Domestics will drive office demand in Asia in 2015, while multinationals will be wary.

 

Domestic and Asia-regional enterprises, according to CBRE Asia, will drive leasing markets in APAC in 2015, aggressively growing in core central business districts and outside their home markets. Japanese and South Korean businesses will continue to expand in Southeast Asia's rising markets, while Hong Kong will serve as a stepping stone for Chinese businesses looking to expand farther into Asia. Companies will be concerned about rising occupancy expenses, while landlords will prioritize tenant retention. house for sale

Manish Kashyap of CBRE stated, "Landlords are finding it difficult to retain excellent tenants as many cities expand core business centers beyond conventional central business districts and there is a broad flight to quality movement among tenants. Domestic and Asian-based companies are increasingly establishing themselves as tenants in core areas, displacing many multinationals who have relocated to more cost-effective places. Landlords who are losing tenants to new buildings will need to be more flexible in their commercial negotiations and should communicate with renters ahead of lease expiration, taking into account the decision-making process. Domestic and Asian-based companies typically make decisions faster than global corporations, which can require extensive approval processes for major headquarters changes.

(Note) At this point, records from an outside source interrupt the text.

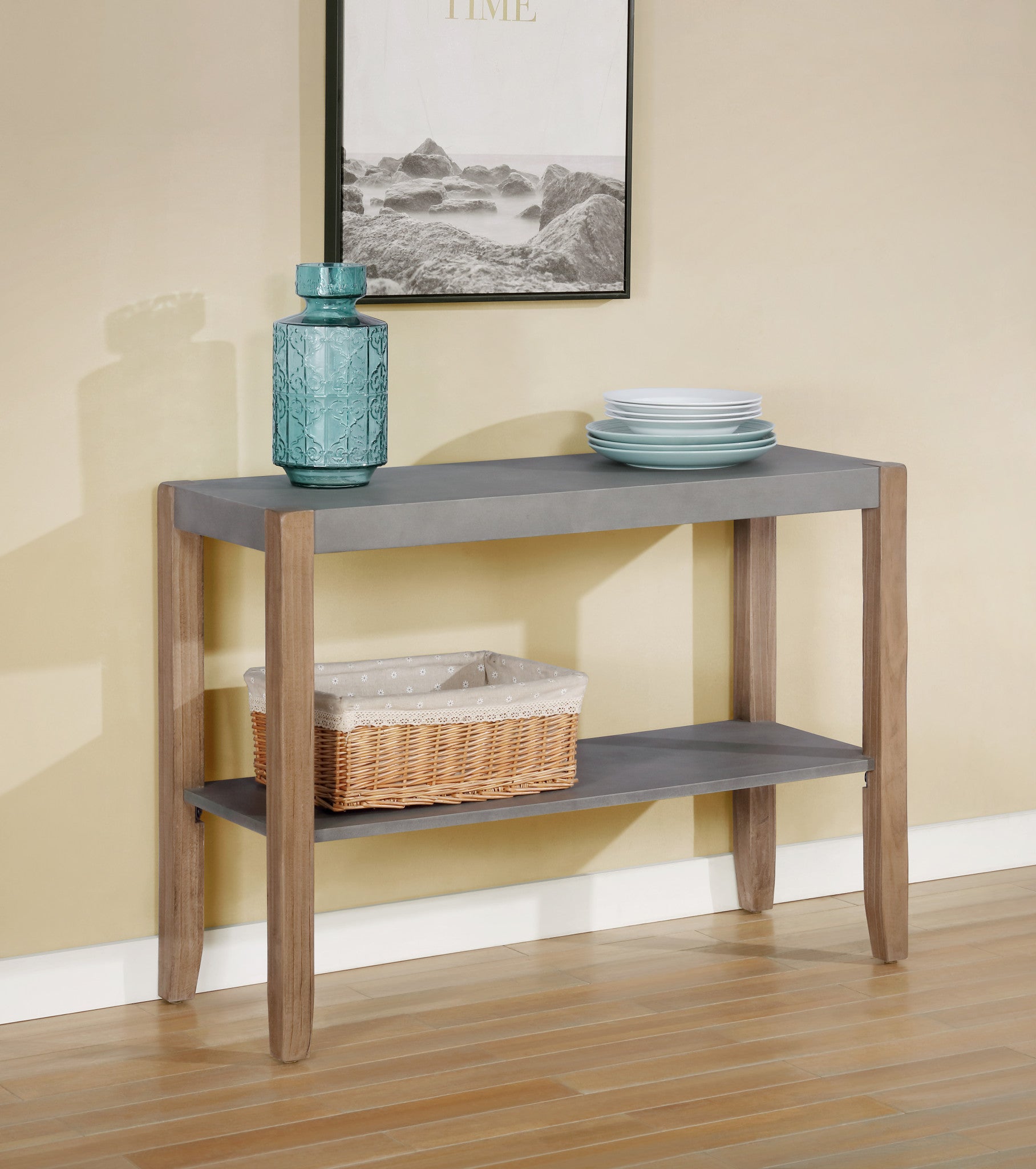 Clean lines and mixed materials are hallmarks of this rustic industrial furniture collection. This set is perfect for your kitchen, dining room or even rec room/bar area. It features a table, four 18" stools, and a buffet/serving table. The faux concrete with the square wood legs and the rush seat stools blend seamlessly. The Newport collection allows you to affordably update your spaces to a very stylish look.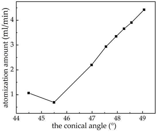 From Equation (13), the change in atomization amount with conical angle can be obtained, as shown in Figure 10. The atomization amount basically increases with the increase in electrolytic polishing time, indicating that the theoretical analysis is consistent with the experimental results. When the conical angle is 48,267° (the polishing time is 5 min), the atomization amount reaches the maximum value of 5.202 mL/min.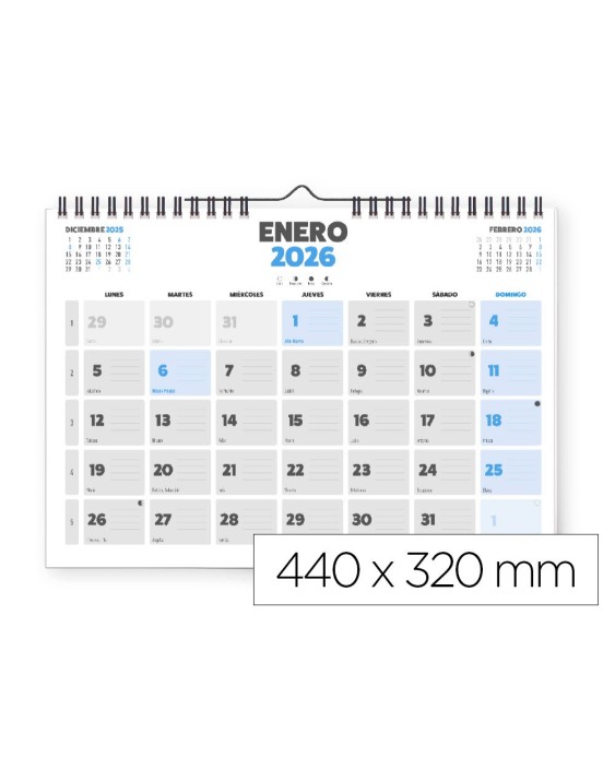 Calendario pared liderpapel clasico 2026 espiral 44x32 cm papel 128 gr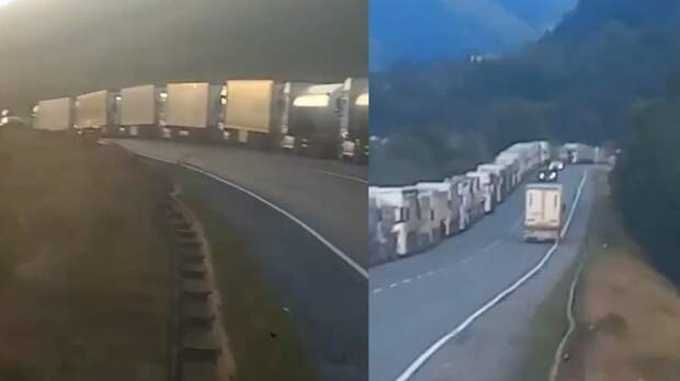 На видео в Сети можно видеть многокилометровую пробку из фур, которые просто не могут развернуться на узкой горной дороге.

CBRE recommends landlords to restructure existing leases as soon as possible and give incentives to negotiate longer-term leases in order to retain large and/or high-quality tenants, while also ensuring that their assets stay appealing through regular refurbishment, upgrading, and enhancement work. This strategy is especially important for owners of old and dated office buildings in traditional central business areas, such as Guangzhou and Kuala Lumpur, where a high amount of new supply will be completed in 2015."

For 2015, the following are the key themes in the APAC office sector:

New Delhi, Mumbai, Bangalore, Shenzhen, Shanghai, and Jakarta will account for more than 75 percent of new office supply (73 million sq. ft. NFA, up from 14 million sq. ft. in 2014). While new supply will continue to exceed demand, the market imbalance will be lower than the early figures suggest.

Tech organizations, particularly internet-based firms and e-commerce industries, will continue to drive office demand, particularly in countries like China, Taiwan, Tokyo, India, Singapore, Sydney, and Melbourne. The financial sector's demand will be uneven, as large global banks continue to downsize, but Asia-based corporates in this area are optimistic.

Most cities in the region will see vacancy rise beyond the long-term average, providing occupiers with a plethora of premium office space options. Landlords will retain the upper hand in tightly held markets such as Beijing, Hong Kong, Auckland, Bangkok, Tokyo, Manila, and Singapore, but will need to be more flexible when it comes to rental talks.

Office rents in the region will continue to rise steadily, albeit at a slower rate of 3.2 percent, thanks to Tokyo, Bangalore, and Singapore. Meanwhile, laggards in 2015 will be headed by Seoul, where rents are predicted to fall by 3.5 percent, and Brisbane, Guangzhou, and Shanghai are expected to see negative rental growth.

From 3.7 percent in 2014 to 3.2 percent in 2015, capital value growth is likely to slow. Only Tokyo, Singapore, Auckland, Bangalore, and Manila are likely to have capital value increase of more than 5%.

Most organizations will be concerned about rising occupancy expenses, with larger occupiers focusing on workplace improvements and renewing leases in key sites. In addition to portfolio rationalization measures, multinationals will focus on long-term strategic actions, such as purchasing rather than leasing space.

Jonathan Hsu, Director of Research for CBRE Asia Pacific markets, also had something to say about it "Due to continued growth in business investment, corporate revenue growth expectations, and a strong job market, Asia Pacific will see solid office leasing momentum in 2015, with an unemployment rate ranging from 1% to 7%. The shaky global economic recovery, on the other hand, will keep occupiers cost-conscious and risk-averse. When it comes to leasing decisions, we expect international firms to carefully balance cost management, space efficiency, and expansionary requirements, while domestic corporations will become more rational in reducing the development of occupation expenses. Despite the slowing of China's economic growth, this market will remain the primary target of business expansion, particularly given the continuous growth of the e-commerce industry and preferential measures to promote the development of cross-border e-commerce."